▶ [The problem]
Apart from the pictures, everything in the lines below must be printed exactly.
-------- Information shown --------
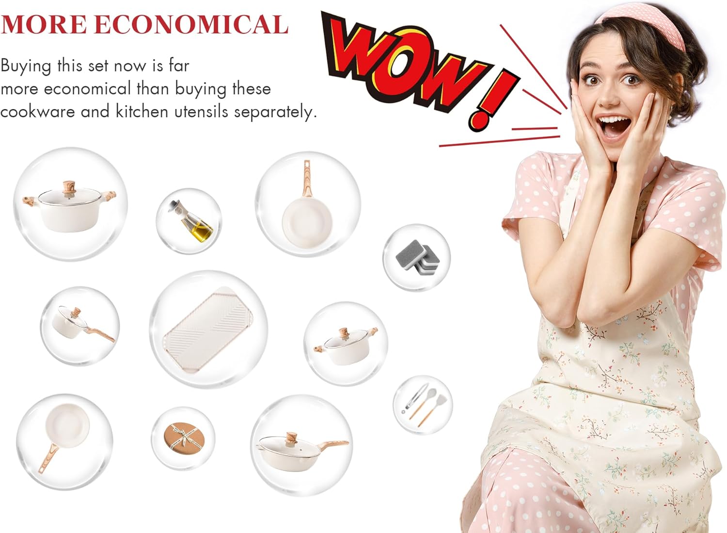 Caannasweis 20Pcs Cookware Sets, Nonstick Pots and Pans Set, Granite Induction Cookware, Non Stick Kitchen Cooking Set, Grayish White Grill Griddle Set, PFOS PFOA Free
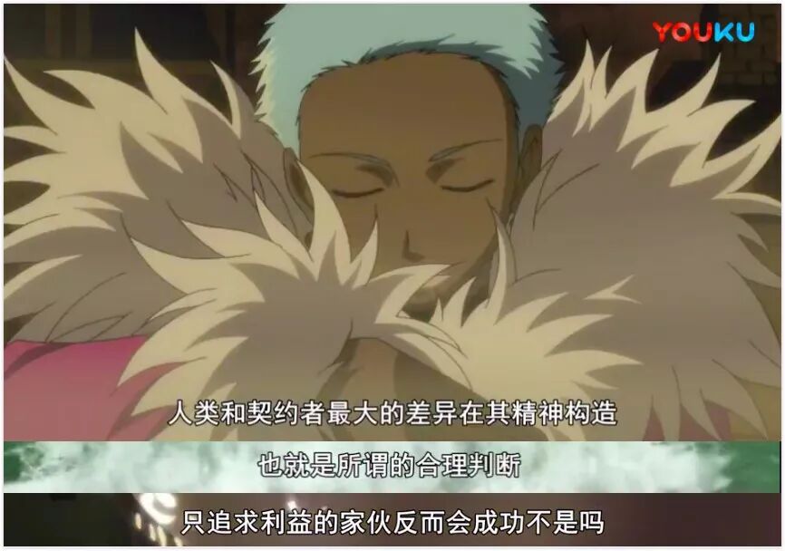 看透一切的契约者阿尔玛曾经告诉黑:“人类与契约者最大的区别在于精神构造,不被人类社会的情感以及常识束缚,做成只为了追求利益的人才能获得成功的样子。”
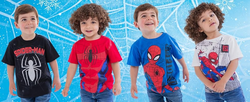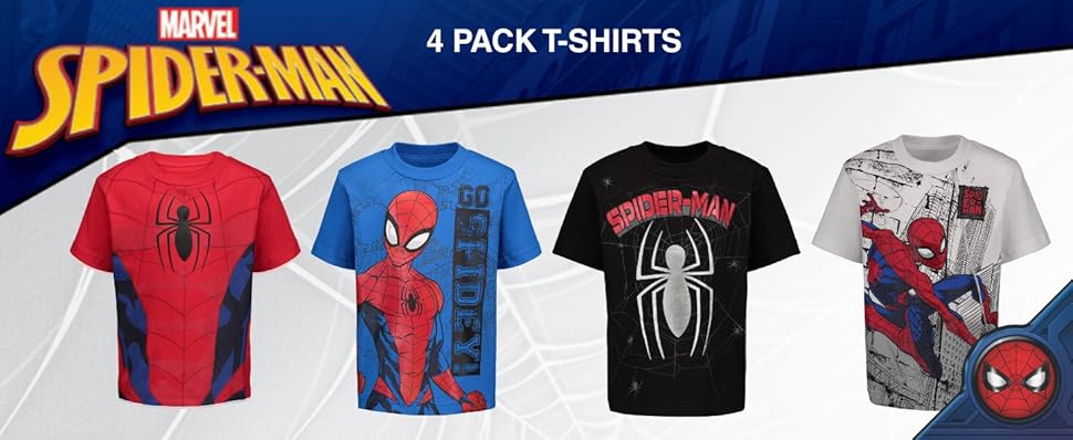 boys Marvel Spider-Man 4 Pack Pullover T-Shirts Toddler to Big Kid shirt
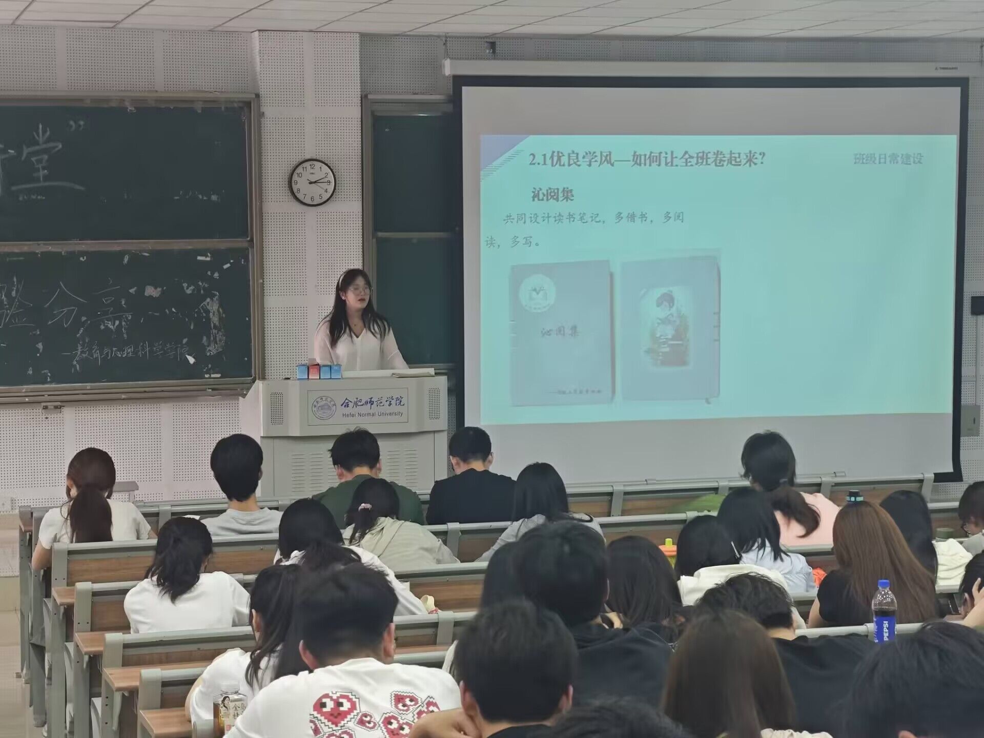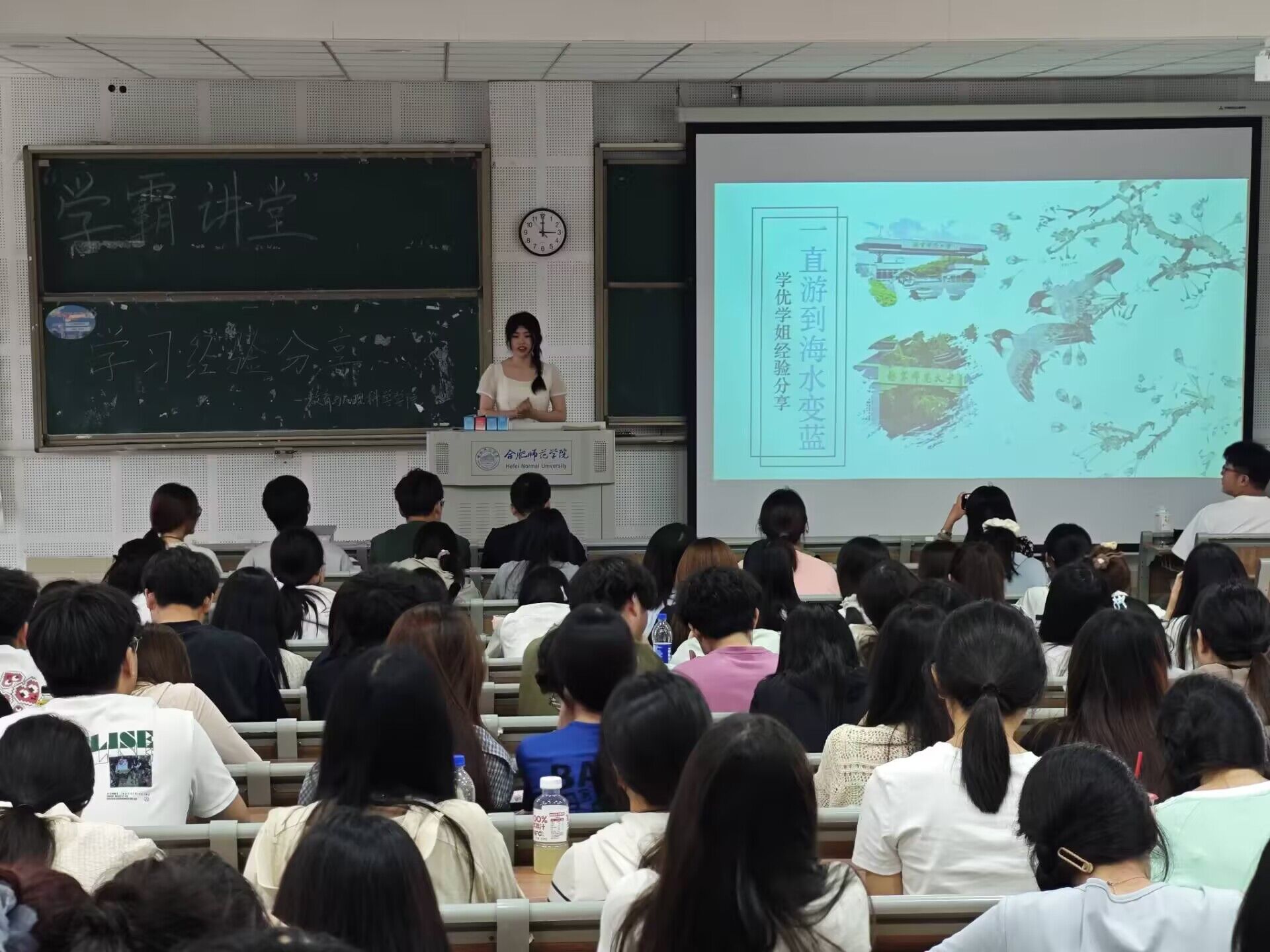 为充分发挥优秀学子榜样引领作用,助力青年学生掌握学习方法、明晰发展方向、激发学习热情,5月14日,教育与心理科学学院在滨湖校区博学楼D101教室举办“学霸讲堂”活动。教育与心理科学学院国家奖学金获得者、2024年度“感动合师”十大青年学生之拼搏人物——2021级小学教育专业王学优,考取陕西师范大学硕士研究生、2021级学前教育专业胡鹏,以及2024年度十佳班级、五四红旗团支部标兵获得者——2022级小学教育4班班长柏雪作为优秀学生代表,分享了学习经验和成长心得,2023、2024级200余位同学参加了学习分享。
--------
▶ [Result for this exercise]
 Caannasweis 20Pcs Cookware Sets, Nonstick Pots and Pans Set, Granite Induction Cookware, Non Stick Kitchen Cooking Set, Grayish White Grill Griddle Set, PFOS PFOA Free
 看透一切的契约者阿尔玛曾经告诉黑:“人类与契约者最大的区别在于精神构造,不被人类社会的情感以及常识束缚,做成只为了追求利益的人才能获得成功的样子。”
 boys Marvel Spider-Man 4 Pack Pullover T-Shirts Toddler to Big Kid shirt
 为充分发挥优秀学子榜样引领作用,助力青年学生掌握学习方法、明晰发展方向、激发学习热情,5月14日,教育与心理科学学院在滨湖校区博学楼D101教室举办“学霸讲堂”活动。教育与心理科学学院国家奖学金获得者、2024年度“感动合师”十大青年学生之拼搏人物——2021级小学教育专业王学优,考取陕西师范大学硕士研究生、2021级学前教育专业胡鹏,以及2024年度十佳班级、五四红旗团支部标兵获得者——2022级小学教育4班班长柏雪作为优秀学生代表,分享了学习经验和成长心得,2023、2024级200余位同学参加了学习分享。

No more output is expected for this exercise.